In: Finance
Financial Planning and Growth-
Financial Planning is a vital part of Financial Management. Planning is the first function of management. Before embarking on any venture, the company must have a plan.
Growth is change in company's earnings, revenue, Or some other measure from one period of time (usually a year) to the next. Growth is an increase in value of an investment over time. Stocks, mutual funds and real estate may all be classified as growth investment, but some stock and mutual funds emphasising growth more than other.
Financial planning helps in making growth and expansion programmes which helps long run survival of the company. Financial planning helps reduces uncertainties with regards to changing market trends which can be faced easily through enough funds.
Some of the objectives of Financial planning are-
• Determining capital requirement.
• Determining capital structure.
• Framing financial policies
• Finance manager ensures that the scarce financial resources are maximally utilized in the best possible manner.
Long term & Short term Planning-
Long term financial planning combines financial forecasting with strategizing. The Government Finance Officer Association (GFOA) view long term financial planning for business as inclusive of the same skill needed for short term planning. The associations recommends paying attention to number of elements to ensure the efficacy of long term financial planning as well. GFOA sees long term financial planning consisting 5 elements, these are "Time, Scope, Frequency, Content and Visibility".

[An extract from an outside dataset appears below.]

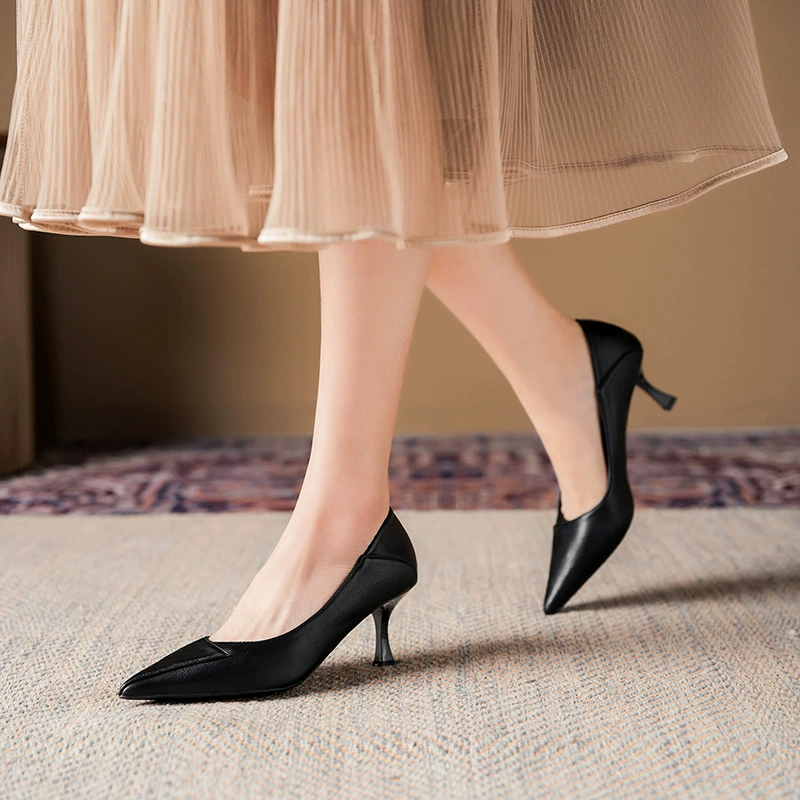 女 侧空红底裸色浅口气质单鞋 2025新款 细跟尖头漆皮名媛高跟鞋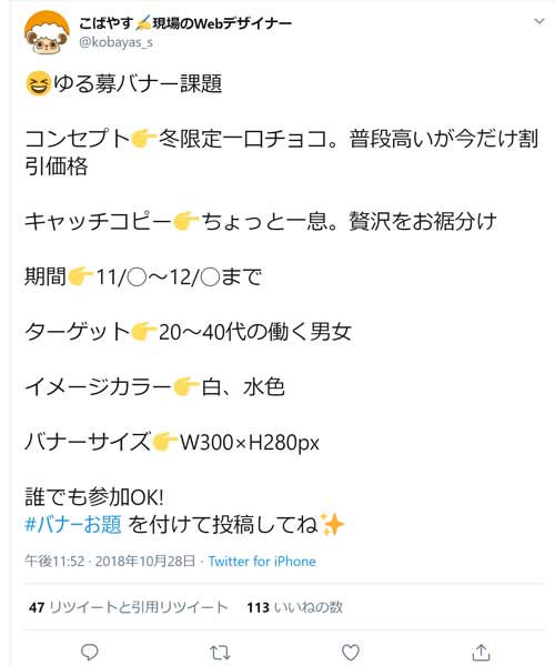 Twitterでバナーお題というものを見つけて取り組みました。

Short term financial planning is most concerned with present. These " plans have a higher degree of certainty compared to long term plans" and tend to be adaptable to a company's current situation. Further, elements of working capital have the largest impact on their short term flows. The examples of working capital element are "raw material, completed products, cash on hand, debtors and creditors".
The main difference between short term & long term finance is the " Timing of cash flows". Usually short term financial decisions are defined as those that involve cash flow within the next 12 morning months. The long therm is usually defined as longer than one year.